Structure recovery data sets (SRDSs)

There is one set of SRDSs for the entire shared queues group. They are shown in Figure 4-1 on page 112 as SRDS1 and SRDS2. These establish a base point from which the log records can be applied to recover the shared queues if they are lost. The process of making the copy is called a structure checkpoint and is usually initiated by an IMS command, as follows:

    /CQCHKPT SHAREDQ STRUCTURE structure-name 

Each structure checkpoint uses the older of SRDS1 and SRDS2. When it completes successfully, CQS issues a call to the System Logger to delete those log records which are older than the older of the two SRDSs. By taking frequent structure checkpoints, you can limit the amount of log data kept by the System Logger in the log stream. We'll address this in more detail later in this chapter.

Note that, no matter which CQS invokes structure checkpoint, the same set of SRDSs are used. A method of serialization is provided to prevent two CQSs from taking a structure checkpoint at the same time.

CQS checkpoint data sets

Each CQS also takes a system checkpoint periodically. CQS system checkpoint data is written to the log stream and the log token associated with that log record is written to the checkpoint data set and to the shared queue structure.
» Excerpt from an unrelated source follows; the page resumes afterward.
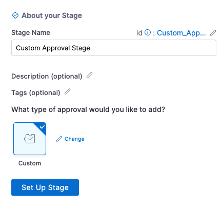 In About your Stage, enter a name for this stage, select Custom, and click Set Up Stage. The Approval Stage is set up.

The checkpoint data is used when CQS is restarted to resynchronize CQS and IMS. Note, however, that this system checkpoint data may be deleted from the log stream if it is older than the older of the two SRDSs. If this happens, the next CQS restart will be a cold start. There is, however, no loss of message queue integrity, and no loss of messages, since IMS has enough information on its logs to resynchronize the queues.

Shared queue structures

IMSs in a shared queues group can share a common set of messages by putting them in a shared queue list structure in a Coupling Facility. You will note in Figure 4-1 on page 112 that there are two of everything - one labeled MSGQ and the other EMHQ. These represent messages queued by IMS as full function messages, or fast path Expedited Message Handler (EMH) messages. EMH messages are defined to IMS separately and treated differently than full function messages. They have their own set of local and shared message queue structures, and CQS uses a separate log stream to log changes to these queue structures. The rest of this section, and this chapter, addresses full function message queues (MSGQ) only, but be aware that everything said also applies to the fast path EMH message queues (EMHQ).

Primary structure

This is the only shared queue structure that is always required in a shared queues group. It is implemented as a list structure and is the primary repository for IMS full function messages (and some control information). Within this structure there are list headers for input transactions, output messages, remote MSC destinations, and several special purpose list headers which are not of interest here.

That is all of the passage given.